In sum, the present study showed that table tennis athletes’ not only display superior conscious response inhibition but also display superior unconscious response inhibition. Prior studies have pointed out that athletes from open-skill sports have to process information in a rapidly changing and unpredictable environment, which might lead to superiority in interceptive actions, hand-eye coordination and perception-action or inhibition of inappropriate movements or response selection (Wang et al., 2013; Lees, 2003). Therefore, athletes from open skill sports are likely to have improved conscious response inhibition due to long-term response inhibition experience and perhaps dedicated training (open-skill sport training). Interestingly, previous studies related to response control training have indicated that short- or medium-term training of response control changes the gray and white matter in the inferior frontal gyrus (e.g., Chavan et al., 2015), and a recent research using elite fencers has suggested that long-term response control training (i.e., fence training) changes the white matter microstructure of the fronto-basal response control network (Chavan et al., 2017). It appears reasonable therefore to suggest that the changes in the structure of the fronto-basal response control network by long-term response control training in athletes of open skills sports, including table tennis athletes will affect the feedforward sweep. Because unconscious and conscious stimuli have been shown to travel along similar processing routes during feedforward sweep (even in the prefrontal cortex) (Van Gaal et al., 2008), this experience and training not only results in superior conscious response inhibition but also in superior unconscious response inhibition.
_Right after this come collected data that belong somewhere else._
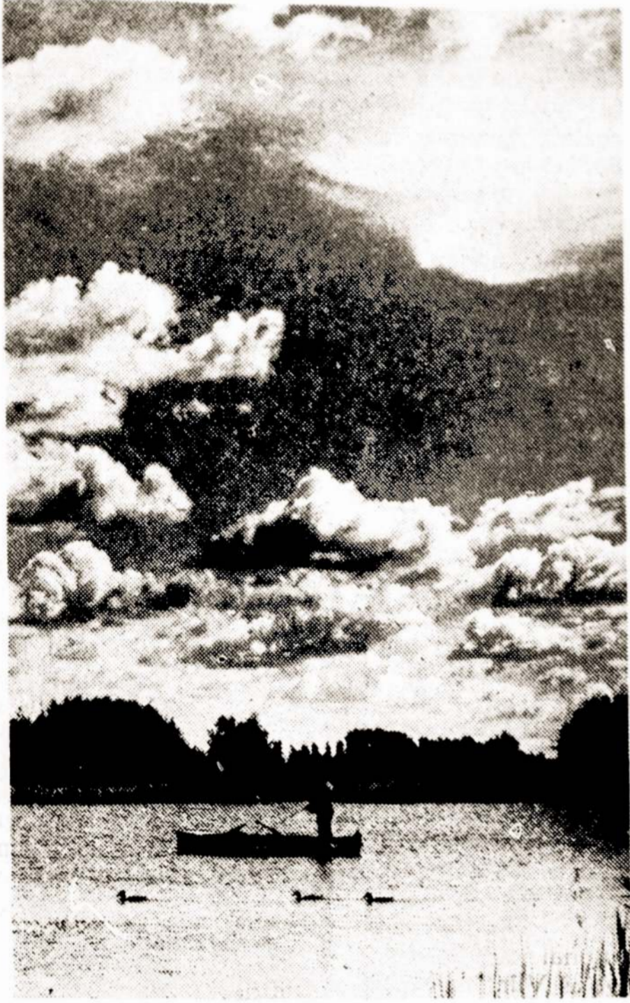
Vasaros malonumai Lietuvoje.
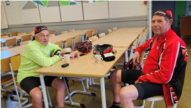
8 " Petit noir " pour deux cyclos du CT Antoing
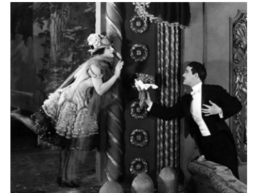
1924 SA VIE (The Lady) de Frank Borzage avec Wallace McDonald
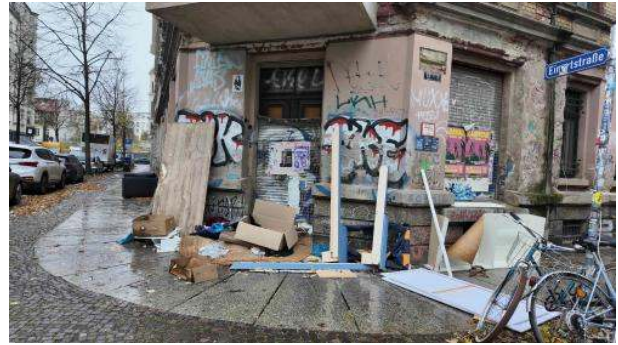
Stadtbild: OK, doch nicht

Ich hatte auch der AfD Leipzig geschrieben, aber bei denen hat man den Braten wohl gerochen. Und wenn die Experten für Rassismus nicht antworten, bleibt ein schrecklicher Verdacht: Kann es sein, dass es für manche politisch opportun ist, dass den migrationsstarken Stadtbezirken der Ruf besonderer Gefährlichkeit anhaftet? @Stadtrat: Ein paar entrümpelte Möbel vor den Häusern machen noch lang kein Ghetto. Und wenn's nach den Zahlen geht, stimmt auf den besseren Straßen Leipzigs das Stadtbild nicht.
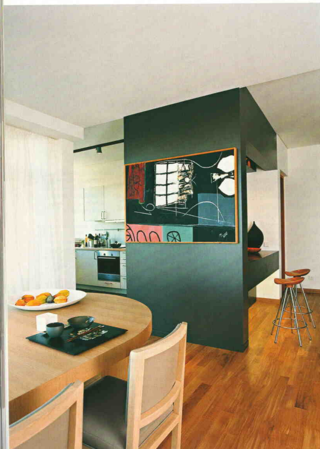
Слева Конструкция, разделяющая кухню и гостиную, служит одновременно и окном, и барной стойкой, и системой хранения. Барные стулья, Amal-3 (6)
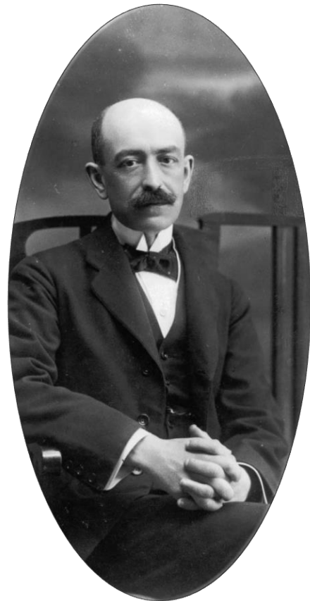
Manuel de Falla, 1915
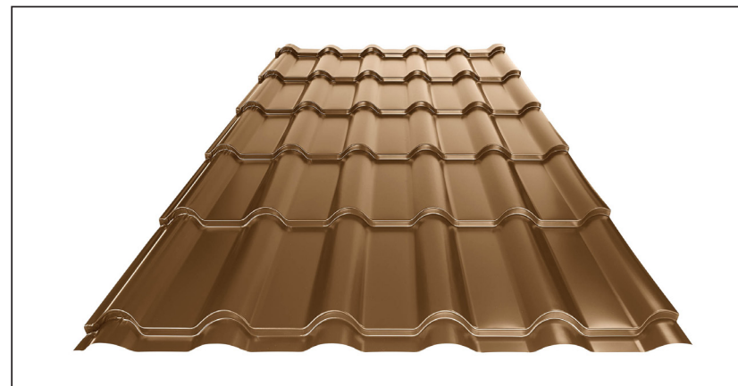
L – OPTIMALNA DOLŽINA KRITINE ZA MODUL 350 mm
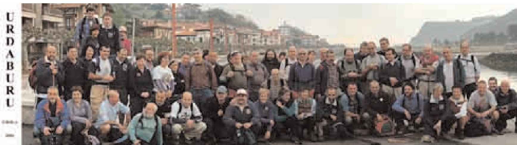
Urola 2004 – Zumaia. Inicio de la vuelta al valle del Urola. 15 de mayo de 2004.

Concluida la "Vuelta a Bizkaia", en mayo ya está en marcha un nuevo proyecto que tiene como eje el río Urola. El pasado 15 de mayo salíamos de Zumaia con la vista puesta en el macizo de Izarraitz. Tras un hermoso paseo costero entre prados y caseríos, con el mar siempre a la vista, llegamos al barrio de Elorriaga, ya en Deba, y nos fuimos acercando al macizo calizo de Andutz. Cruzamos la carretera
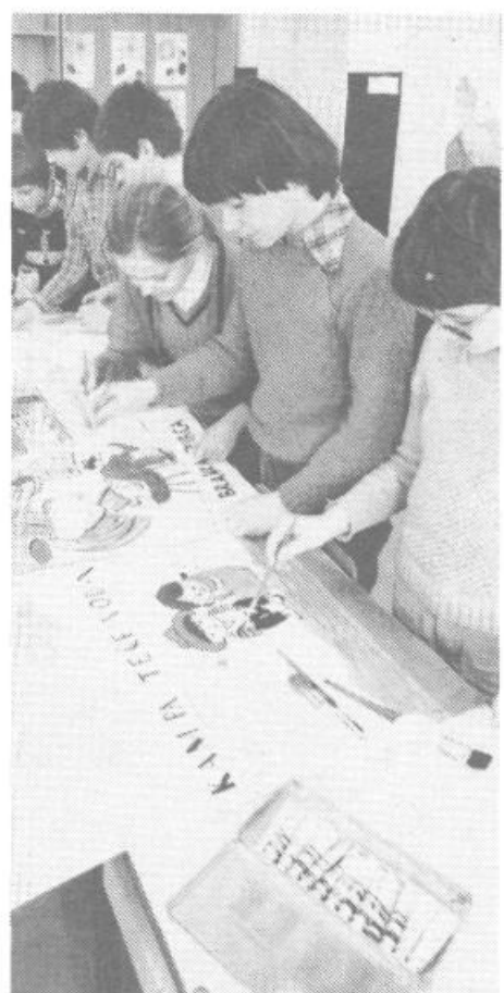
Na šoli imajo veliko izvenšolskih dejavnosti. Tako učenci lažje odkrivajo svoje sposobnosti.
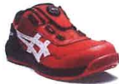
602 クラシックレッドxホワイト
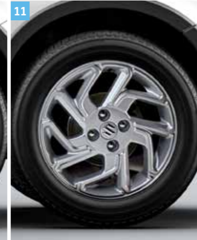
11 | „JUNO” ALUMÍNIUMFELNI, EZÜST

5Jx16", 175/60R16 méretű gumihoz, Suzuki logós középkipakkal, megfelel az ENSZ-ÉGB 124. számú előírásának és a JWL előírásoknak. Cikkszám: 43210-62RA0-000
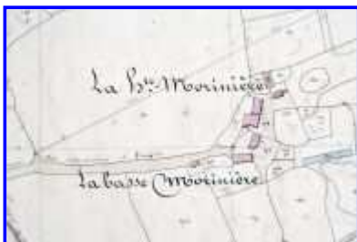
Fig. 1 Extrait du plan cadastral de 1842, section F.
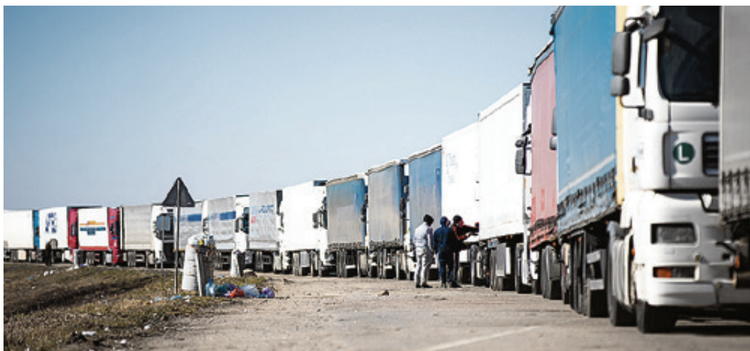
■ Когда ситуация разрешится, пока неизвестно

Как уточняет пресс-служба областной таможни, очередь на въезд в РФ отсутствует.
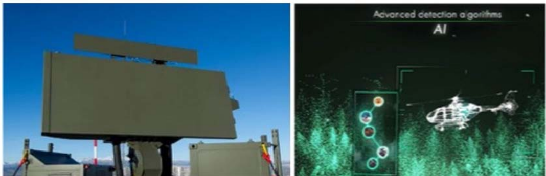
Representación de un radar de vigilancia GM-400 \alpha de la empresa Thales, que publica avances en su capacidad de detección utilizando algoritmos avanzados de IA. (Crédito: Thales 19 ).

En este campo existe experiencia de empresas nacionales que han participado en la integración de las telecomunicaciones asociadas a la información radárica y transmisión remota de voz y data, que se beneficiarían de la incorporación de aplicaciones de IA en sus procesos resultando en mejoras operaciones significativas. A la vez, permite avanzar en mejores niveles de autonomía y control de transmisión y codificación en el área de las radiofrecuencias.
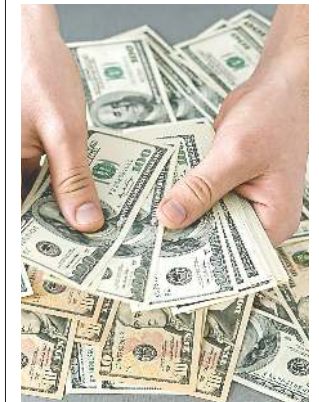
Es usado cada vez menos.

A comienzos del año, la calificadora de riesgo soberano Standard & Poor's destacó como positivo los esfuerzos del Ejecutivo para incentivar la inversión pública.
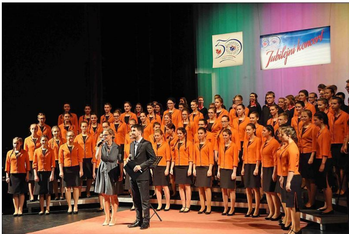
Jubilejní koncert v Beskydském divadle, březen 2017

Novojičínský pěvecký sbor Ondrášek při ZUŠ Nový Jičín slavil 50 let své činnosti
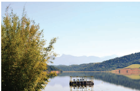
Represa de Juturnaíba vai receber mudas de árvores nativas da Região dos Lagos (RJ).

NA PROLAGOS, concessionária da Aegea na Região dos Lagos (RJ), o Dia Mundial do Meio Ambiente foi lembrado em um mês inteiro de comemorações. Entre as ações, a concessionária promoveu uma campanha que transformou cada curtida na sua página no Facebook ( www.facebook.com/prolagos ) em plantio de uma muda. As espécies escolhidas foram as árvores nativas da Região dos Lagos e a área a ser plantada foi a bacia de drenagem no entorno da Represa de Juturnaíba, em data a ser definida. Foram 235 curtidas no mês de junho. Ações semelhantes já foram realizadas também com sucesso por outras unidades da Aegea, por meio do Instituto Equipav. O foco agora foi contribuir com a conservação do manancial de Juturnaíba. “A mata ciliar é uma proteção natural, impedindo que a água fique contaminada e sem condições de uso. Por isso plantar uma árvore no entorno da represa ajudará a recuperar e proteger o ecossistema contra a degradação e ainda conserva o lençol freático”, disse Carlos Roma Jr., diretor-presidente da Prolagos e do Instituto Equipav.
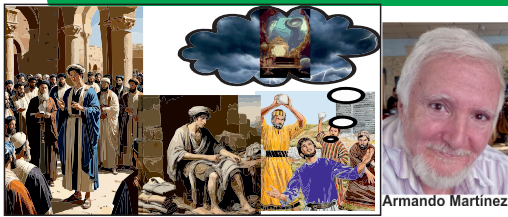
Personaje bíblico relacionado con estas imágenes
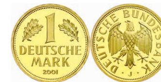
160 1 DM, 2001, J, Abschiedsmark, in Kapsel, st, J. 481. 500,—
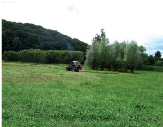
Kosenie v k.ú. Petrovce
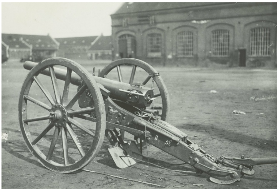
8 Staal

4 G.B. bestaat uit de Staf met Verbindings-Afdeling, drie tirailleurscompagnieën, twee secties zware mitrailleurs, vier stukken pantserafweergeschut (pag, met kaliber van 4,7 cm), vier 2 cm geweren tegen pantserdoelen (t.p.) en een sectie mortieren. Verder is ingedeeld, ter beschikking van de Bataljons-Commandant (B.C.), 1 ste Afdeling van het 20 ste Regiment Artillerie (I-20 R.A.), bestaande uit twaalf stukken 8 Staal (geschut met kaliber van 8 cm). Commandant is majoor Fortanier. Het is zijn verslag dat een belangrijke bron voor dit artikel is.
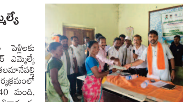
ఆడపిల్లల వివాహాల కోసం కళ్యాణలక్ష్మి, షాదీ ముబారక్ పథకాల ద్వారా ఆర్థిక సహాయం అందిస్తోందని
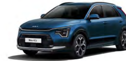
Mineralblau Metallic (M4B)
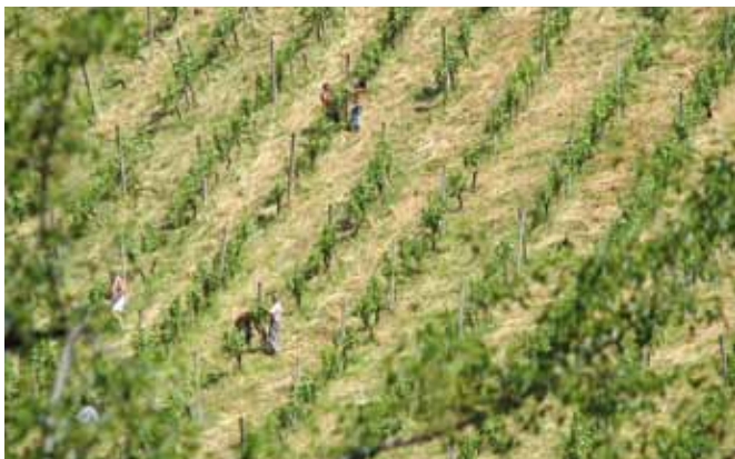
Za vinograde z nagibom 30 do 40 % bo po novem možno pridobiti dodatna plačila, vendar pod določenimi pogoji.

Če je v postopku uskladitve GERK-ov z evidenco dejanske rabe zaradi odprave mostičkov med dvema površinama z isto vrsto dejanske rabe prišlo do zmanjšanja površine, na kateri se izvajajo podukrepi KOP-a, se to zmanjšanje ne upošteva kot zmanjšanje prevzete obveznosti in se ne všteva v dovoljen 10-odstotni obseg zmanjšanja vstopne površine. Na površinah, ki ne izpolnjujejo več pogojev glede velikosti, upravičene do plačila, obveznost izvajanja podukrepov KOP-a preneha, kar pa ne velja za podukrepe integrirane pridelave.
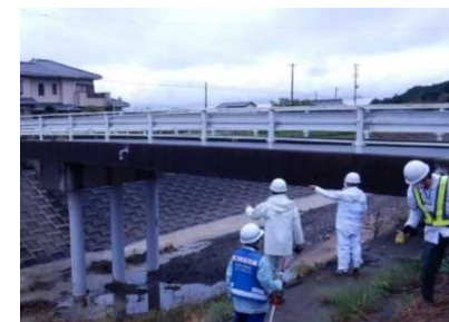
(現地点検の技術支援)
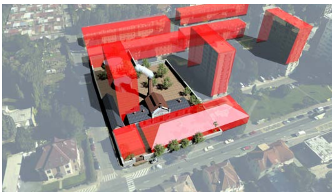
3D modely Městské plynárny i v dnešní zástavbě
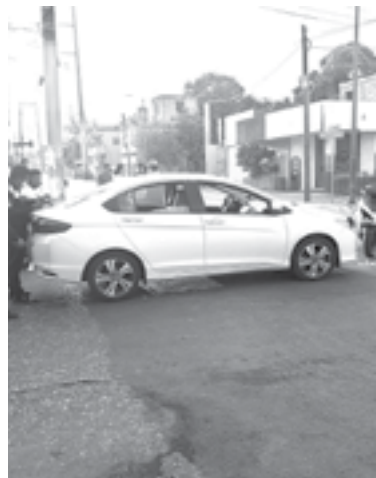
EL AUTO que impactó al motociclista.

Del hecho, tomaron conocimiento elementos de Tránsito y Vialidad para deslindar responsabilidades.
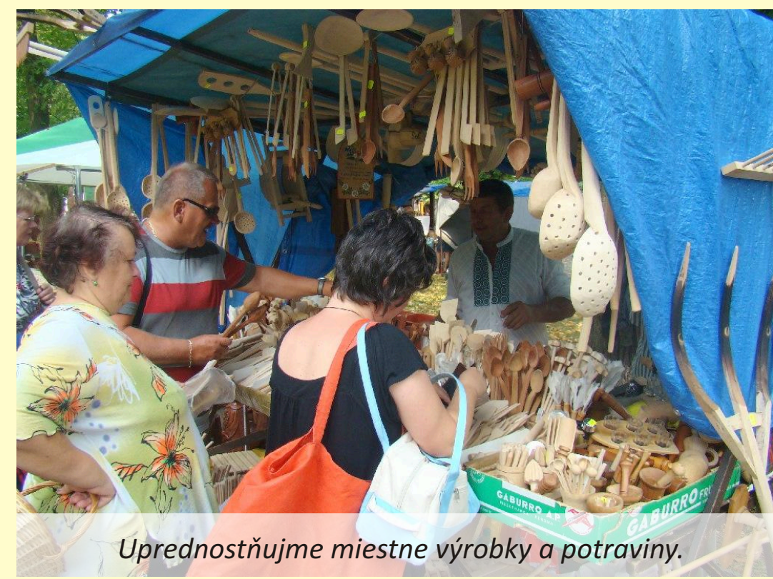
Uprednostňujeme miestne výrobky a potraviny.
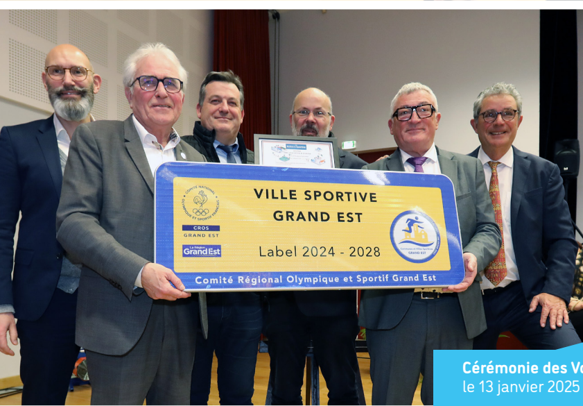
Cérémonie des Vœux 2025 le 13 janvier 2025
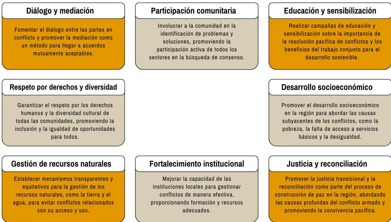
Figura 2. Propuesta de medidas de mitigación y resolución de conflictos en el departamento del Guaviare.
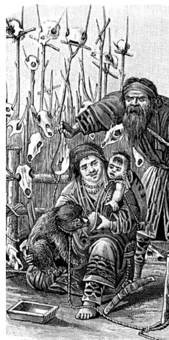
Karu poeg ainu naise põlve peal.
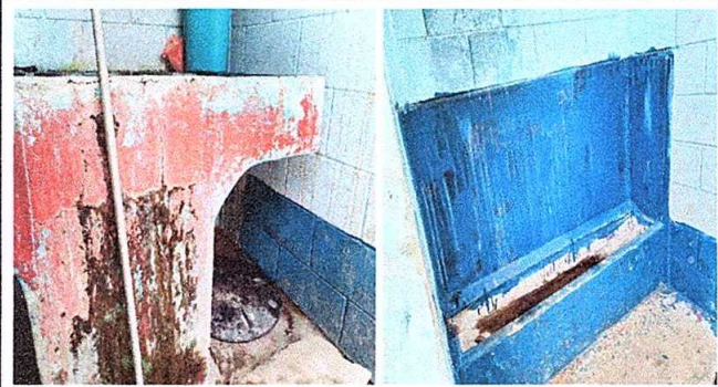
Foto 3: Modulo 2. sustitucion de pila de cemento de dos lavaderos y sustitucion de urinal por mingitorios
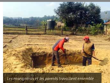
Les enseignants et les parents travaillent ensemble

Dans l'image ci-dessous, nous voyons les mères au travail. Une motivation supplémentaire est qu'elles sont également autorisées à emporter certains des jeunes plants chez eux, créant ainsi leur
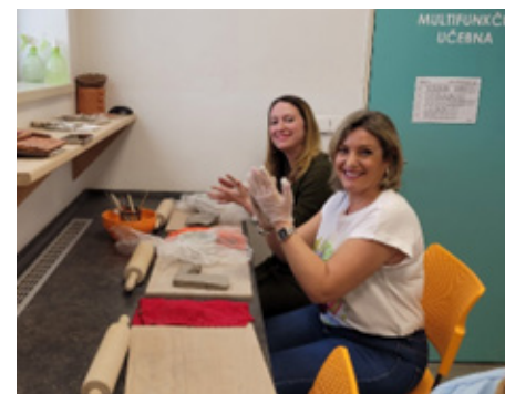
zahraniční pedagogové v rámci Erasmus+
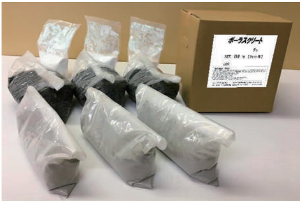
荷姿：ポーラスクリート グレー
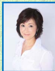
岩崎 里衣 フリーアナウンサー
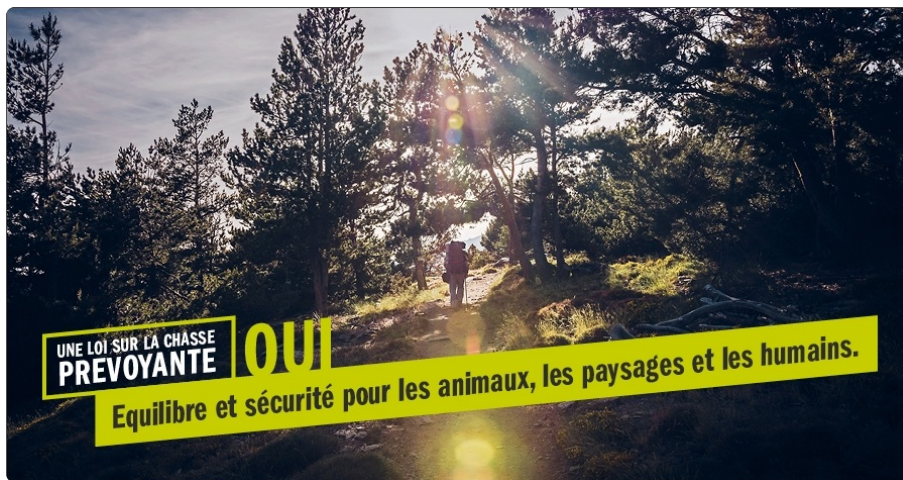
Pour une loi prévoyante sur la chasse: Oui le 27 septembre. (Image m&D)
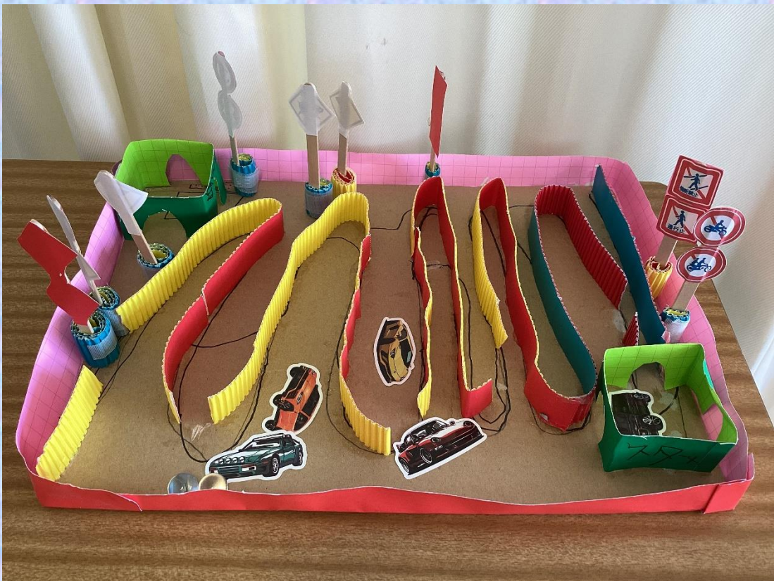
「山みち」 小4 F・M
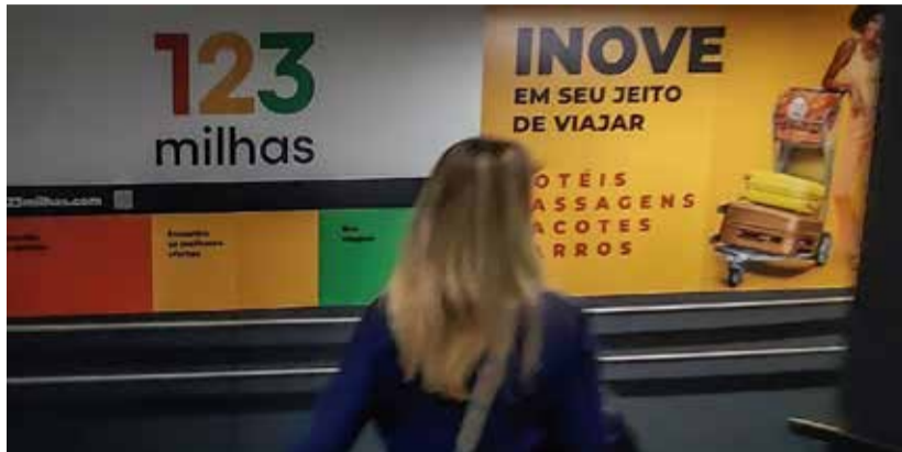
A 123 Milhas tem 20 dias para apresentar defesa.

Na época, a empresa informou que foi obrigada a suspender a linha promocional porque enfrentava custos maiores, principalmente dos preços das passagens. A 123 Milhas fez uma única proposta aos clientes: devolver os valores em vouchers, que só
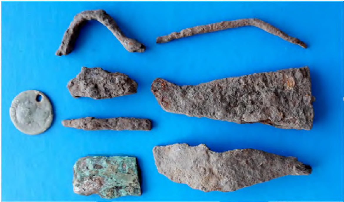
Рис. 13. Знахідки на черняхівському поселенні № 4 влітку 2019 р.: лемісний денарій імператора Траяна (98-117) з пробитим отвором; спинка залізної дугоподібної фібули; залізна проколка із тонким та товстим кінцями; залізний наконечник до стріли; бронзова пластинка – заготовка; частинка залізного ножа
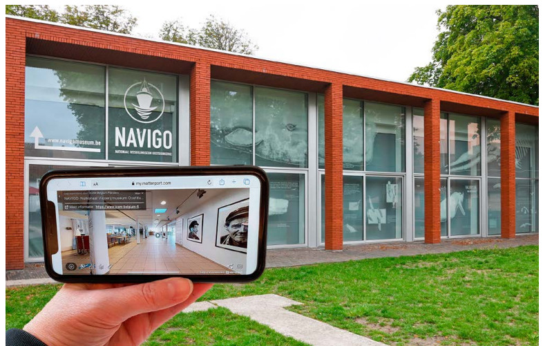
© Sofhie Legem - Gemeente Koksijde
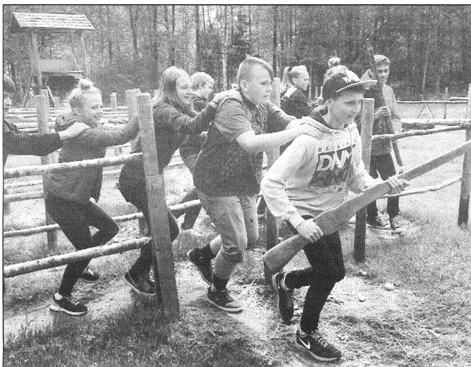
● Veiklības labirints Ziemassvētku kauju muzejā "Mangali".

Ziemassvētku kauju muzejs "Mangali". 1916. gada beigās krievu armijai vajadzēja izlauzties līdz Jelgavai un ne-gaidītais Ziemassvētku nakts uzbrukums

The ERPs recorded in the present study were unexpectedly large. One reason for this may have been our use of the masked go/no-go task because a previous study using this task also showed large ERP amplitudes (Xu et al., 2015). However, another likely reason could be our filter parameters. We used only a low-pass filter to screen the EEG data. A previous study that also used only a low-pass filter also showed large ERP amplitudes (Ma et al., 2015); even in the masked go/no-go task, the ERP amplitudes were markedly smaller when a high-pass filter of 0.5 Hz and a low-pass filter of 30 Hz were used to screen EEG data (Wokke et al., 2011).

Our study has another limitation that should be acknowledged: we used a cross-sectional design. Although this approach can explore the differences in unconscious response inhibition between table tennis athletes and non-athletes, it cannot rule out the possibility that the differences are caused by genetic factors rather than long-term practice. Future research should include longitudinal studies to explore this possibility.